For node (disease) i, its connectivity is defined as \({K}_{i}={\sum }_{j\ne i}\,{a}_{ij}\), which quantifies how strongly it is connected to the other nodes. In the literature, an alternative definition of connectivity has also been considered, where \({k}_{i}={\sum }_{j\ne i}\,TO{M}_{ij}\) (the definition of TOM is provided below. more information on the two connectivity measures is provided in SI).

An important network concept is module (also referred to as “community” in some studies), which is composed of tightly connected nodes. Consider the topological overlap matrix (TOM), where its (i, j)th element is:

$$TO{M}_{ij}=\frac{{l}_{ij}+{a}_{ij}}{{\rm{\min }}\,\{{K}_{i}{K}_{j}\}+1-{a}_{ij}}$$
(3)

with \({l}_{ij}={\sum }_{u}\,{a}_{iu}{a}_{uj}\). Loosely speaking, l ij measures how many neighbour nodes that i and j shared. TOM ij measures the distance between diseases i and j in a network sense20,22. Accordingly, define dissTOM ij  = 1 − TOM ij , which is non-negative and symmetric and measures the dissimilarity between any two diseases. With matrix dissTOM, whose (i, j)th element is dissTOM ij , modules can be identified by hierarchical clustering with a dynamic tree cutting approach15,23.

With each module, connectivity can be re-computed and referred to as intramodular connectivity. Nodes (diseases) with the highest correlation with the eigen-diseases (definition below) are identified as hubs.

Remarks

The network quantities described above have important implications. Adjacency directly describes how strongly two diseases are connected to each other. Of interest are diseases that are tightly interconnected. In health care management and planning, such diseases should be considered together as opposed to individually. In network analysis, it has been suggested that more highly connected nodes play more important roles in a network. It is thus of interest to examine connectivity and identify the highly connected ones. Such nodes (diseases) may have a higher priority in disease control and prevention, as they can potentially have a higher impact on the overall health conditions. In biomedical research, clustering/classifying diseases is an important task, and the module structure provides an alternative way for disease clustering. Diseases within the same modules can potentially share common risk factors (and thus the analysis can have scientific value) and be treated with similar regimens (and thus the analysis can have practical value).

Temporal Trends

For all diseases, occurrence rates change over time. In addition, occurrence observed in clinics is also affected by diagnosis and other factors, which are also time-dependent. As such the eHDN and its quantities described above change over time. By conducting analysis year by year and comparing across time, we are able to obtain the temporal trends of the eHDN. This is significantly different from the molecular HDNs, which are static. For scalar quantities, variation over time can be directly assessed. For the module structure, we assess variation using the Jaccard indexes for modules obtained in consecutive years.

Visualisation

The patient-disease relationship and disease correlations can be visualised using heatmaps. The overall network structure can be visualised using the software Gephi24. In such a plot, diseases that share edges are connected with lines, the size of a node is proportional to its connectivity, and different modules are represented using different colours. Construction of modules can be visualised using dendrograms and heatmaps. For scalar quantities (prevalence, connectivity, etc.), changes over time can be visualised using scatter plots (possibly with nonparametric fits). Changes of module memberships can be visualised using alluvial diagrams. Changes of modules’ mean connectivity can be visualised using radar charts. The aforementioned visualisation tools provide a more intuitive way of interpreting network structures and properties.

Results

The numbers of patients for each calendar year are shown in Table S1 in SI. In Table S2 in SI, we further present summary statistics on the numbers (proportions) of inpatient and outpatient treatment episodes, stratified by gender, age, and calendar year. Across time, an increasing trend of inpatient treatment is observed. For outpatient treatment, an increasing trend is also observed, although not as prominent as for inpatient. It is noted that the number of observations per year is large enough (larger than many of the peer studies) to make credible inference.
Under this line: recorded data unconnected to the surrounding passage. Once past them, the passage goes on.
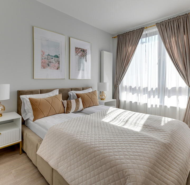 - sypialnia w tonacjach beżu i różu, idealna do wyciszenia,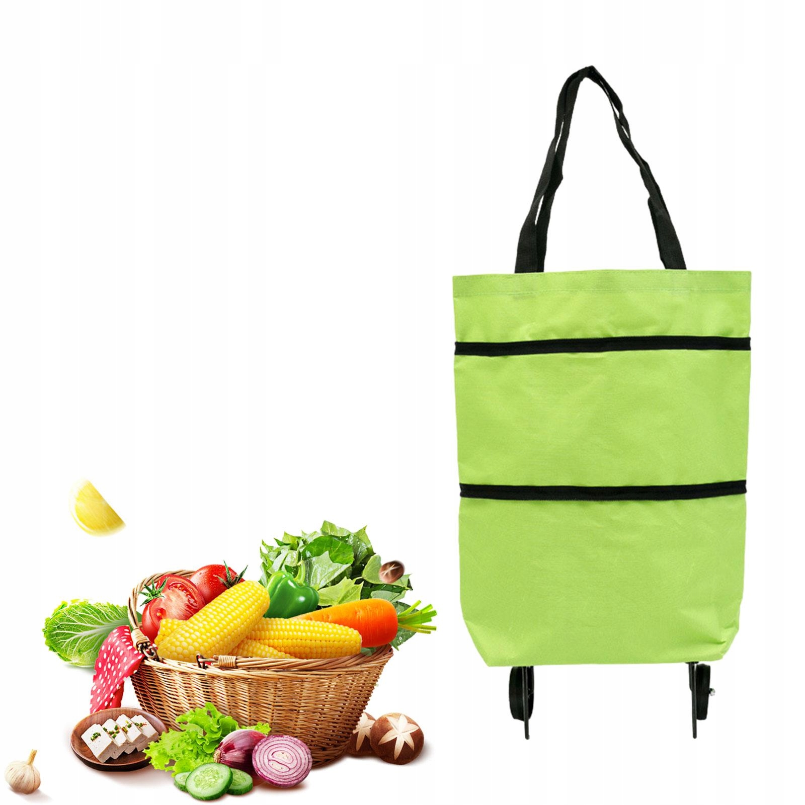 Сумка для покупок з коліщатками, розбірна багаторазова корзина для овочів, зелена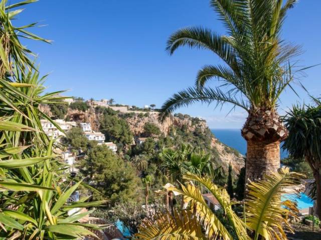 Casa adosada "Vista Halcon". En el barrio de Balcón al Mar, lugar aislado, tranquilo en una pendiente, a 5 km del mar. Posibilidad de aparcamiento. Supermercado 800 m, restaurante 600 m, playa de arena "Arenal" 11 km, playa de piedras "Granadella" 6 km. Tenis 800 m.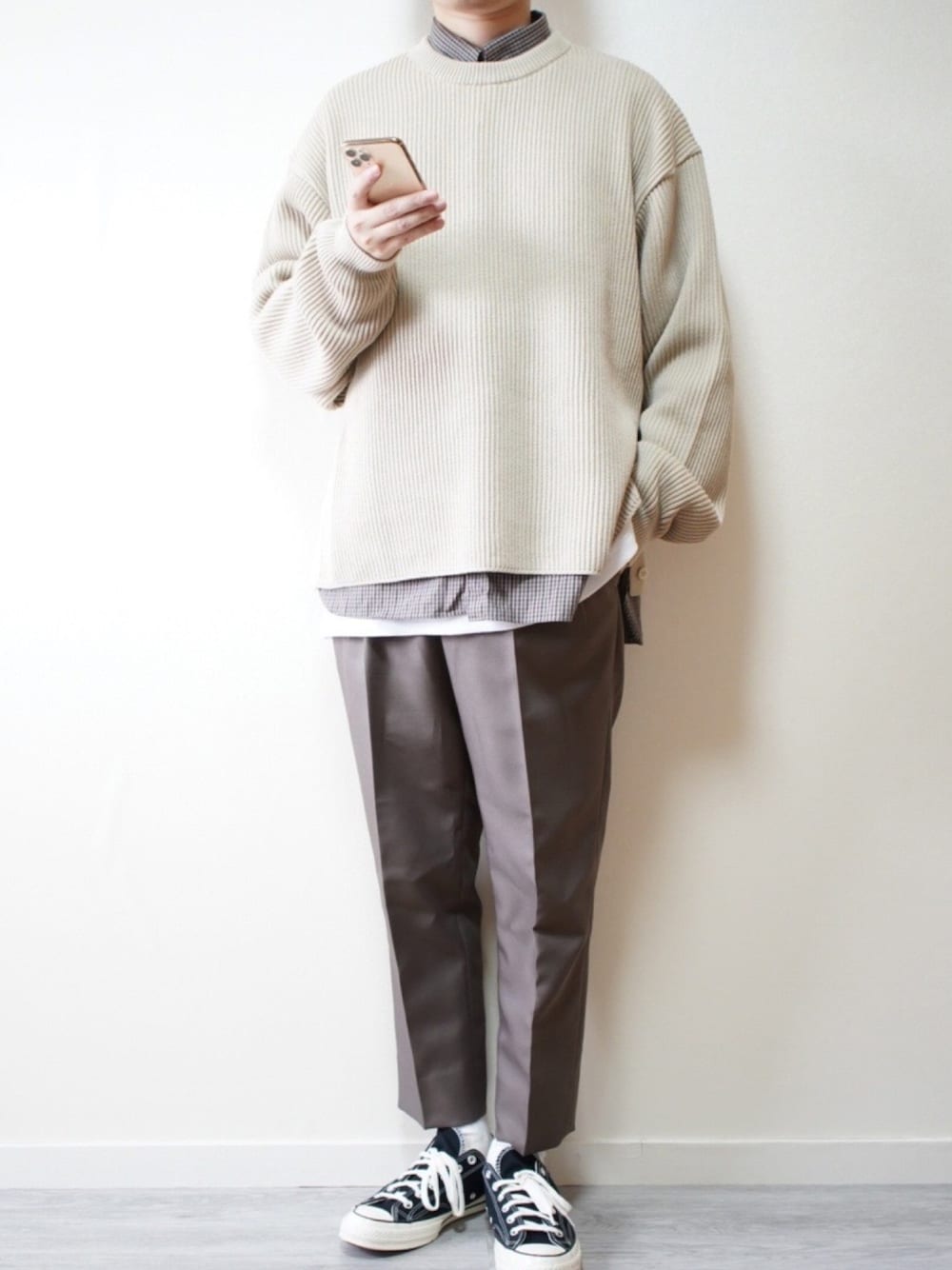 やじのニット/セーター「OVERSIZED 7G AZE KNIT」を使ったコーディネート

For a more intuitive description of the patient-disease distributions, in Fig. S2 in SI, we present the patient-disease heatmaps, where the x-axis corresponds to patients, the y-axis corresponds to diseases, and a red dot represents one disease occurrence. It is noted that with the huge sample size, plotting all patients generates plots with huge sizes. Thus, in Fig. S2, we presented results for 1% subjects randomly selected from our data in 2012 and 2013. The prevalences of diseases are computed year by year. The top ten are presented in the top panel of Fig. 2. Acute upper respiratory infections (code 465) has the highest prevalence in all years. The high prevalence of acute upper respiratory infections in Taiwan has been noted in multiple publications25. Also in the top ten are gingivitis (code 523.1), acute sinusitis (code 464), and atopic/contact dermatitis (code 939) and others, all of which have been extensively examined in the literature13,25,26,27.

Figure 2
figure 2

Top ten diseases with the highest prevalence (top) and their connectivity (bottom).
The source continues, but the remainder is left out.